- Exercise prompt: Leave out the pictures, and retype only the lines from the beginning of the material through the line that contains "Die Apple-Bestände in", including both.

- Source material:
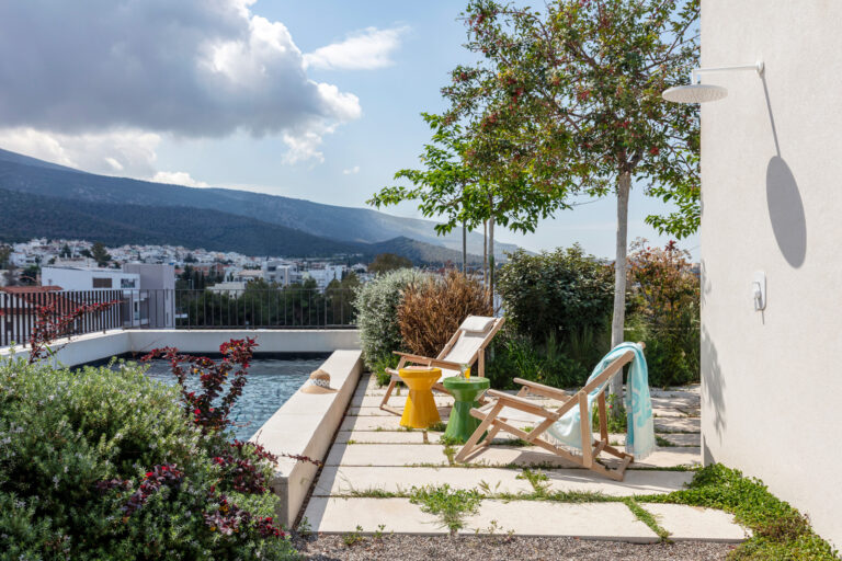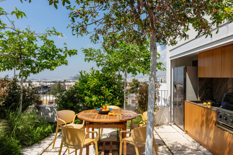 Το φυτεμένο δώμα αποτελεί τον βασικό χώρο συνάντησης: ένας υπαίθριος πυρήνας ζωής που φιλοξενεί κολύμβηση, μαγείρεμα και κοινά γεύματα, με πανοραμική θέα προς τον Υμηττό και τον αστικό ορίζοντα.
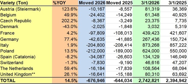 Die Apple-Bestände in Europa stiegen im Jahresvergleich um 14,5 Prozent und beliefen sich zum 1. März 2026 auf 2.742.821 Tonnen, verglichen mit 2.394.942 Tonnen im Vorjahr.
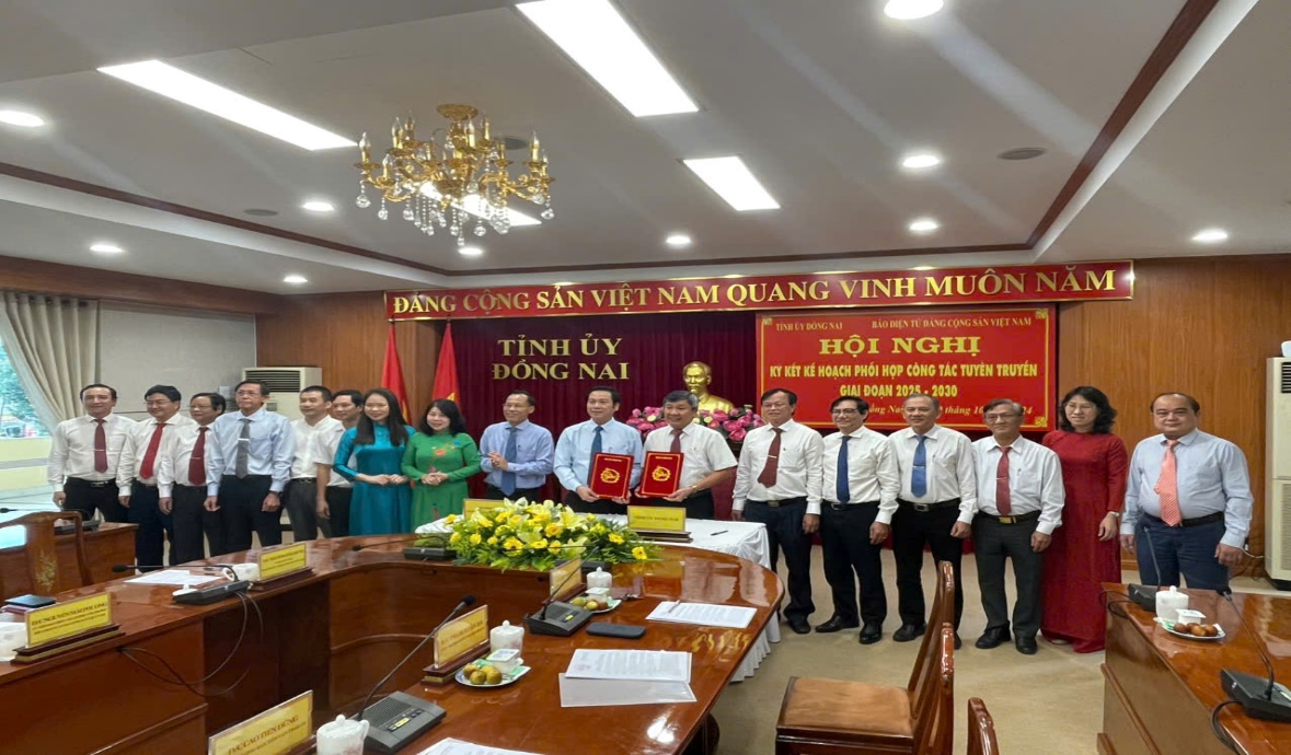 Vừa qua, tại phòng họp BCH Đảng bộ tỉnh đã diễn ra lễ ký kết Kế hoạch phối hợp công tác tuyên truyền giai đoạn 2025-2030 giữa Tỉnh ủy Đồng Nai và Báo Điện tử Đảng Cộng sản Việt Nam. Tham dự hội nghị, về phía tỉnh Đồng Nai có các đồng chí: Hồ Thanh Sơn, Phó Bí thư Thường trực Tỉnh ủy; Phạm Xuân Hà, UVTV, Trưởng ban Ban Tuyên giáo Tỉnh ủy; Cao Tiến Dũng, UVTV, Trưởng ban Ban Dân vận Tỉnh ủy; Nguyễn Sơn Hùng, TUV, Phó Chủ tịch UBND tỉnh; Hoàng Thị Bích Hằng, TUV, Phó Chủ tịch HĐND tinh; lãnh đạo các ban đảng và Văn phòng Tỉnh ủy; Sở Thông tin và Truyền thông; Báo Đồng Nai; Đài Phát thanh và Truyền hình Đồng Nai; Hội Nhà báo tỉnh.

- Task solution:
 Το φυτεμένο δώμα αποτελεί τον βασικό χώρο συνάντησης: ένας υπαίθριος πυρήνας ζωής που φιλοξενεί κολύμβηση, μαγείρεμα και κοινά γεύματα, με πανοραμική θέα προς τον Υμηττό και τον αστικό ορίζοντα.
 Die Apple-Bestände in Europa stiegen im Jahresvergleich um 14,5 Prozent und beliefen sich zum 1. März 2026 auf 2.742.821 Tonnen, verglichen mit 2.394.942 Tonnen im Vorjahr.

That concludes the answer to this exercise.